▸ TASK:
Reproduce only the lines that begin at the line with "foto. En este" and run to the end of the entries; omit every picture.

▸ ENTRIES SUPPLIED:
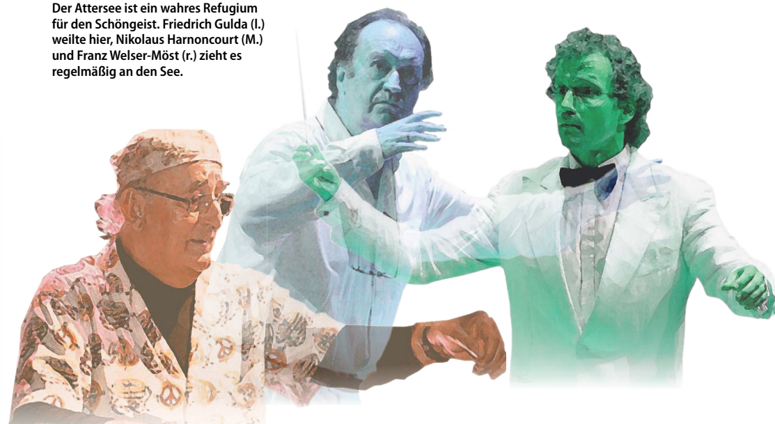
Der Attersee ist ein wahres Refugium für den Schöngeist. Friedrich Gulda (l.) weilte hier, Nikolaus Harnoncourt (M.) und Franz Welser-Möst (r.) zieht es regelmäßig an den See.

TOURISMUS-DEFIZIT? Was die einen am Attersee bemängeln, das Fehlen einer ausgeklügelten touristischen Infrastruktur – Top-Hotels, Freizeiteinrichtungen etc. –, stört das Gros der speziellen Gästeschar, die aktuell im Sommer den Attersee bevölkert, wenig: die Zweitwohnungsbesitzer aus Wien, Linz und München. Die Einheimischen sind vorwiegend nicht auf die Vermietung von Betten angewiesen, sondern genießen durch erfolgreiche Industriebetriebe in der
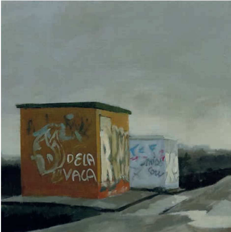
PAISAJE 9 · óleo sobre tabla, 22 x 22 cm, 2025
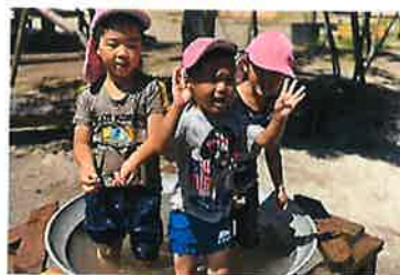
絵の具を使って・・・♪
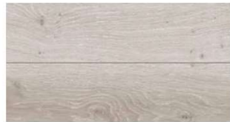
ホワイトオークF ★のお部屋
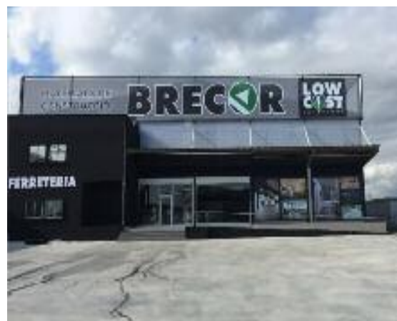
Imatge de l'exterior de la nau situada a la ctra de Santa Coloma nº 2 entrant a Girona, de Vilablareix.

Mantenen un ampli horari d'obertura i atenció al client; de dilluns a divendres 07:30 a 13:00 i 14:00 a 19:00 hores, els dissabtes obert de 09:00 a 13:30 hores. La excel·lent ubicació permet que els accessos siguin rapits i molt fàcils des de qualsevol part de Girona.
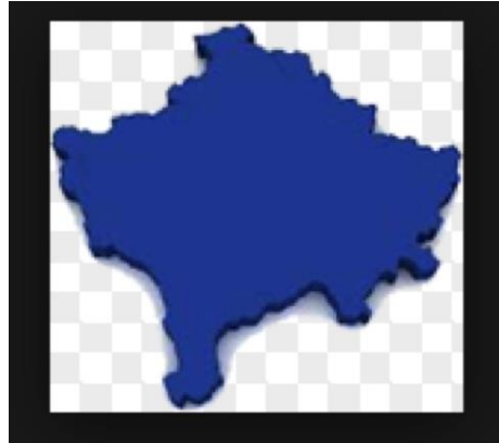
Slika 1. Mapa Kosova po NUTS 1 i NUTS 2

Sličnu klasifikaciju kompletne teritorije za NUTS 1 i NUTS 2 imaju ove države 8 :
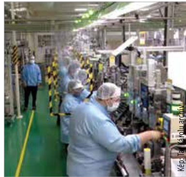
A Densóban több ezer munkahelyet mentettek meg kormányzati támogatással

ezren veszítették el az állásukat, közülük 54 ezren gazdaságilag inaktívvá és 19 ezren munkanélkülivé váltak. Ebben az időszakban átlagosan 174 ezren váltak állásukeresővé Magyarországon. Városunkban március 1. és április 17. között 673 fehérváron élő vagy itt tartózkodó állásukeresőt regisztráltak. A következő héten 277 új fehérvári munkanélkülit regisztráltak. A következő hetekben átlagosan 60-at, majd május második hetében 185-öt. Azóta hetente átlagosan 84-et. A fehérváriak kö-
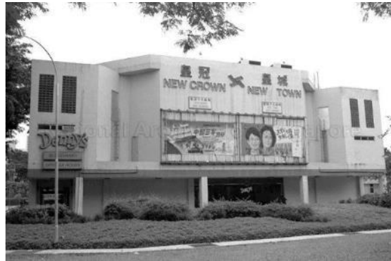
皇冠和皇城戏院，1984年
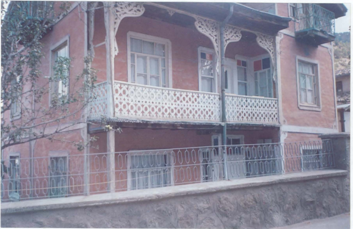
Göynük Eski Osmanlı Evlerinden Bir Örnek
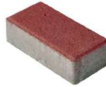
طرح ساده قرمز ۲۰×۱۰×۶ سانتی‌متر
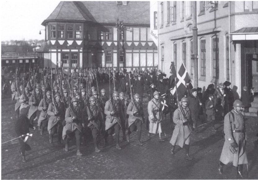
Franske alpejægere på march i Sønderborg. En international besættelsesstyrke bestående af 3000 soldater fra Frankrig og England skulle give synligt bevis for afstemningsområdets internationale status og var mest af symbolsk værdi. Poliitiopgaver og paskontrollen ved afstemningsområdets grænser blev derimod varetaget af et hjælpepolitikorps bestående af tidligere tyske soldater med dansk sindelag.

CIS, tilsynsrådet og den danske regering blev tre modeller diskuteret. CIS kunne rekvirere kornet hos de slesvigske landmænd uden at love efterbetaling, hvilket var den tyske regerings ønske. CIS kunne også aftale efterbetalingsordningen med den danske regering alene og siden kræve den tyske regering til regnskab for halvdelen af omkostningerne. En tredje mulighed var, at CIS købte korn ved den danske regering til forsyning af de forsørgelsesberettigede i afstemningsområdet. Prisen skulle være i overensstemmelse med de eksisterende maksimalpriser og det tab, den danske regering herved fik, senere deles ligeligt mellem Danmark og Tyskland. CIS valgte den sidste løsning, og straks derefter blev der sendt 6.380 hkg. rugmel og 3.170 hkg. hvedemel fra danske kornlagre til afstemningsområdet svarende til 14 dages forbrug. 43 Beslutningen blev truffet udenom den tyske regerings repræsentant og statskommissær Köster.
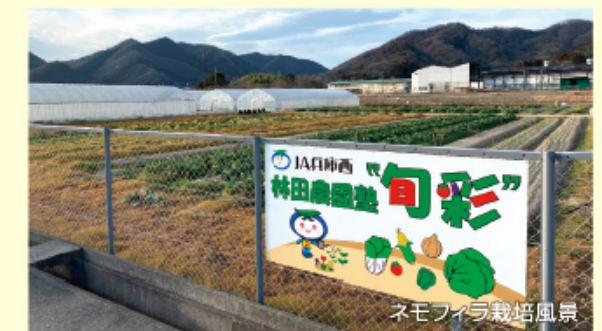
ネモフィラ栽培風景
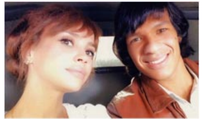
foto. En este pasaje de la película aparece con Celeste Cid a quien le tocó interpretar a Susana Giménez quien de algún modo cambió la vida del boxeador.
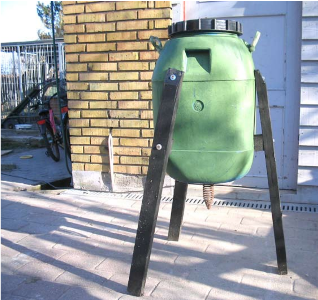
Foderautomat med spiral, der sørger for, at rotter ikke så let har adgang til foderet.
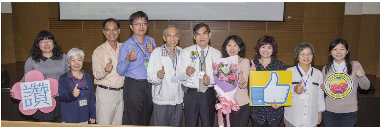
同仁們上台獻花並為所長得獎按讚歡呼

行政院農業委員會畜產試驗所 Facebook https://www.facebook.com/TLRI1940/?fref=ts
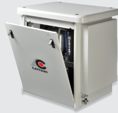
Carenatura insonorizzante -20 dB(A) ca. Soundproof cabinet - approx. 20 dB (A) L / W 840 mm P / D 700 mm A / H 887 mm

I modelli AC100 - AC200 - AC300 possono essere insonorizzati sia con le protezioni in plastica che con le carenatura. I modelli AC400 e AC600 possono essere insonorizzati solo con le protezioni in plastica. Con i modelli AC1800 e oltre è necessario insonorizzare l'ambiente.
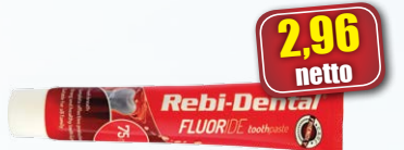
Pasta do zębów Rebi-dental fluoride 75 g F06030100197

▸ SOLVED EXERCISE:
foto. En este pasaje de la película aparece con Celeste Cid a quien le tocó interpretar a Susana Giménez quien de algún modo cambió la vida del boxeador.
Foderautomat med spiral, der sørger for, at rotter ikke så let har adgang til foderet.
同仁們上台獻花並為所長得獎按讚歡呼

行政院農業委員會畜產試驗所 Facebook https://www.facebook.com/TLRI1940/?fref=ts
Carenatura insonorizzante -20 dB(A) ca. Soundproof cabinet - approx. 20 dB (A) L / W 840 mm P / D 700 mm A / H 887 mm

I modelli AC100 - AC200 - AC300 possono essere insonorizzati sia con le protezioni in plastica che con le carenatura. I modelli AC400 e AC600 possono essere insonorizzati solo con le protezioni in plastica. Con i modelli AC1800 e oltre è necessario insonorizzare l'ambiente.
Pasta do zębów Rebi-dental fluoride 75 g F06030100197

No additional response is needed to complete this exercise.